Церковь, психиатрическое отделение… короче, вы уловили суть.
Сразу после завтрака я поговорила на эту тему с Маркусом — не про то, как убийцы ходят на похороны, разумеется, — и он оказался совсем не против этой идеи.
— Что ж, неплохая мысль… — Он вроде как не испытывал абсолютно никаких подозрений. — Это очень внимательно с твоей стороны, Алиса… Дай знать, если мы чем-то можем помочь.
— Это последнее, что мы можем сделать! — пафосно объявила я.
Имелись в виду не настоящие похороны, разумеется.
Впрочем, вариант с имитацией похорон я тоже бегло рассматривала — картонный гроб, все такое, — но под конец это показалось мне слишком уж сложным, тем более что я так и не смогла придумать, как сымитировать закапывание в могилу или кремацию, и даже не знала, что из этого предпочел бы сам Кевин, — так что этот план пришлось отмести.
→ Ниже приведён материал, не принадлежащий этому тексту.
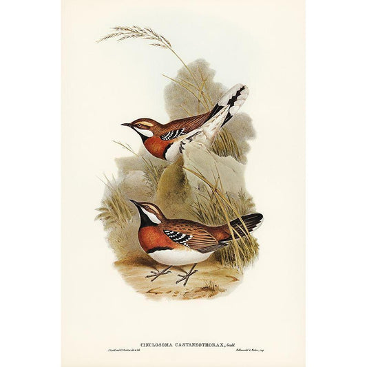 Chestnut-breasted Ground-Thrush-Cinclosoma castaneothorax Black Modern Wood Framed Art Print with Double Matting by Gould, John
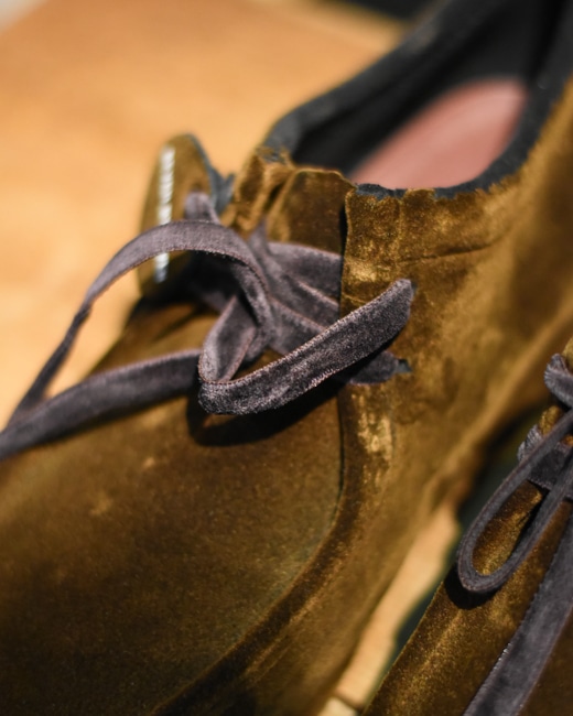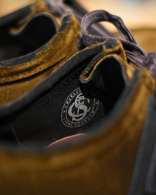 アッパー部分とクレープソールにスプレーでピグメント加工を施し、ベロア調に。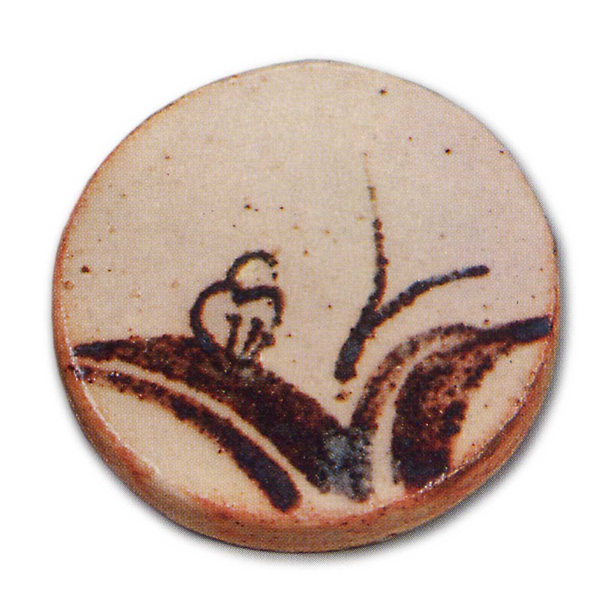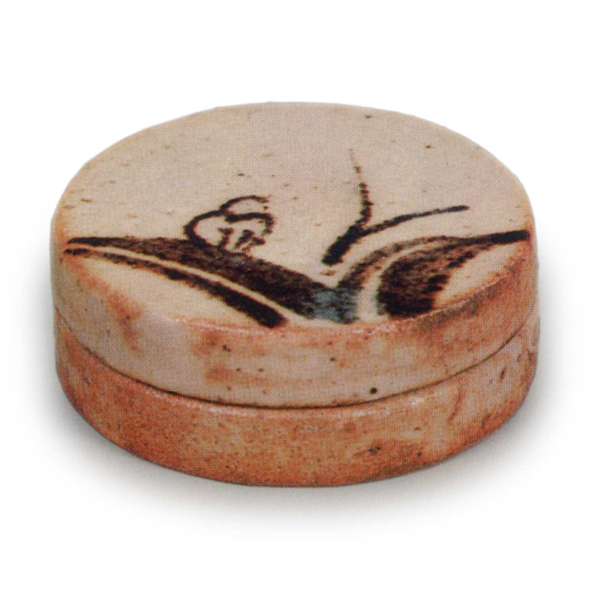 志野万年青文一文字香合 志野志野万年青文一文字香合 2025.07.03 志野万年青文一文字香合 志野万年青文一文字香合 志野万年青文一文字香合 高度2.2厘米 口径6.2厘米 底径5.3厘米志野香合中的杰作,被誉为白眉之作。其造型极为洒脱,盖面平直,万年青的图案鲜明生动。该香合采用所谓的印笼盖形式, likely 模仿了室町时代从唐朝传入的漆器香合的造型。其制作工艺精湛,身与盖结合紧密。除身部立起部分外,全身覆盖的志野釉柔和融化,从侧面到底部的火色鲜艳夺目。高台内侧浅而平坦,中央留有小轮痕。原属本嘉纳家藏品。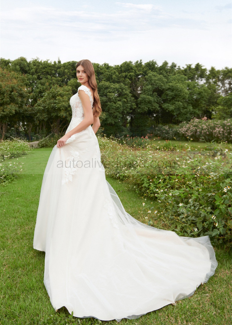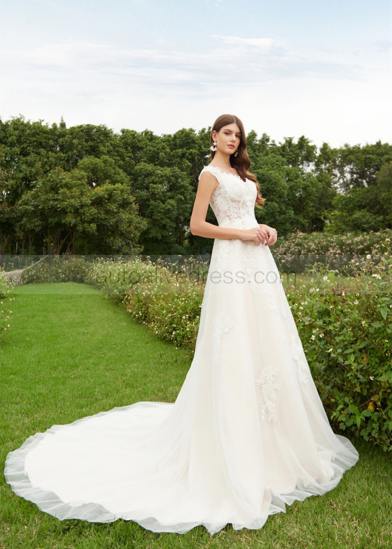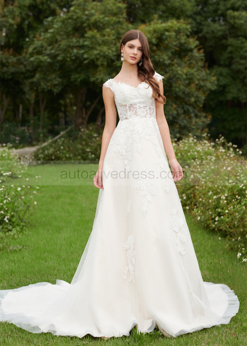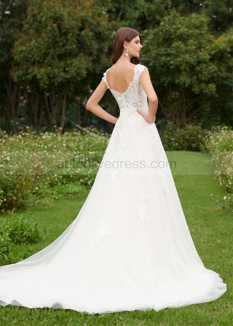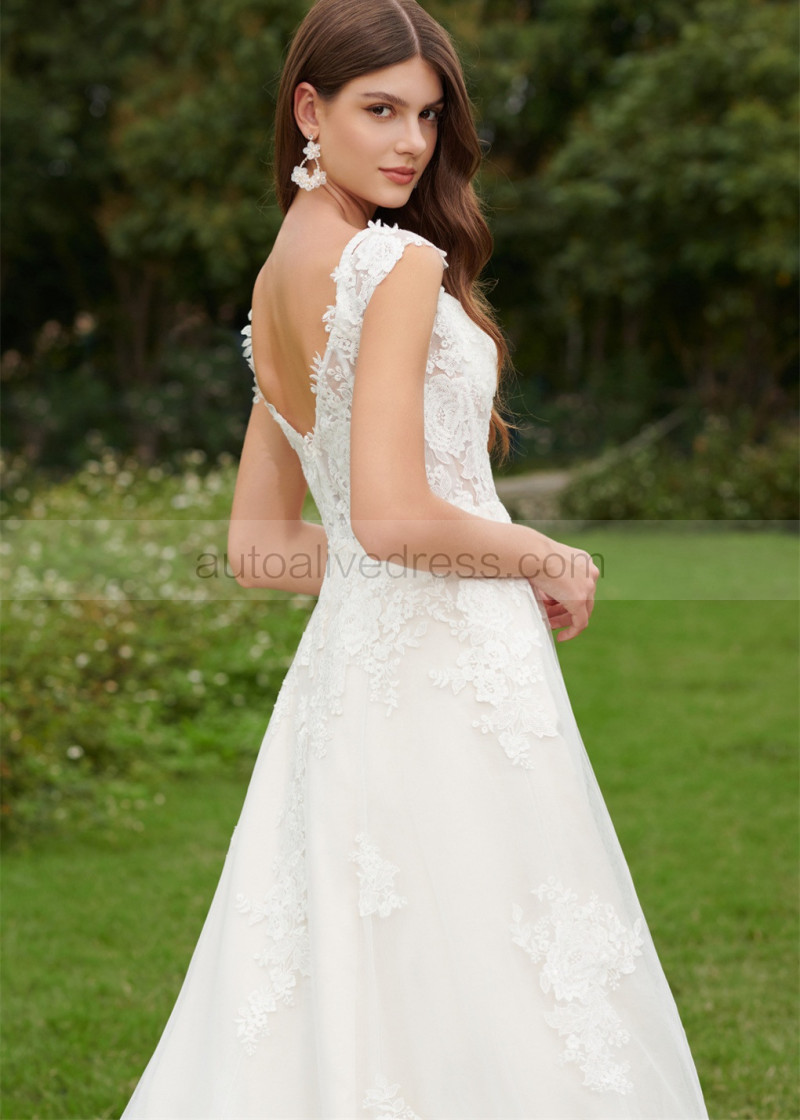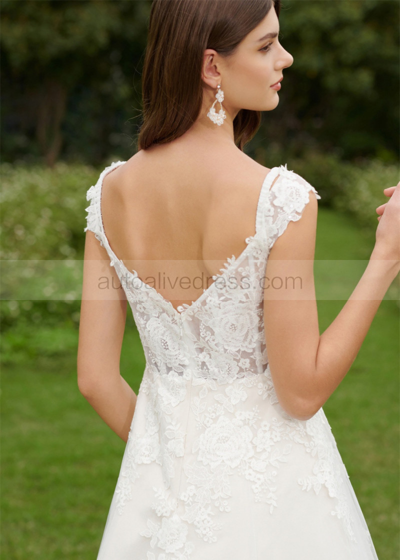 Ivory Lace Tulle V Back Affordable Wedding Dress

Решила остановиться на чем-нибудь попроще. Настоящие похороны вроде как уже состоялись, а даже если и нет, то вряд ли кто-нибудь из нас получил бы приглашение, так что я провела остаток дня, готовя то, что назвала Маркусу прощальной церемонией.
Первым делом я рассказала всем, включая «добровольцев», что именно планирую, всеми силами постаравшись их убедить, что на таком мероприятии надо обязательно присутствовать.
— Он был одним из нас, — проникновенно вещала я. — Всем нам будет только на пользу… дать волю своим чувствам, выразить себя слегка. — И еще: — Ну хоть какое-то развлечение!
Некоторые предсказуемо проявили бо́льшую охоту, чем прочие, но ближе к полудню я была уже практически уверена, что народу явится немало, когда до этого дойдет дело. Людям будет чем заняться, в конце-то концов, все смогут полюбоваться на нечто новое и неизбитое. Хоть как-то поломать унылую монотонность сложившегося уклада жизни в отделении.
Немного подсобила мне только Лю-Косячок — Донна не смогла выкроить время из своего плотного расписания ходьбы, а Ильяс заявил, что у него шахматный матч, — но на то, чтобы все как следует организовать, все равно ушла бо́льшая часть дня. Как только я выцыганила подходящее помещение, пришлось передвинуть тонну всякого добра и все подготовить — расставить рядами стулья и так далее. Кроме того, мы хотели, что все смотрелось красиво и пафосно. Для задуманного мною антуража требовались фото покойного, если выйдет их раздобыть, кое-какие декорации и, конечно же, соответствующая случаю музыка.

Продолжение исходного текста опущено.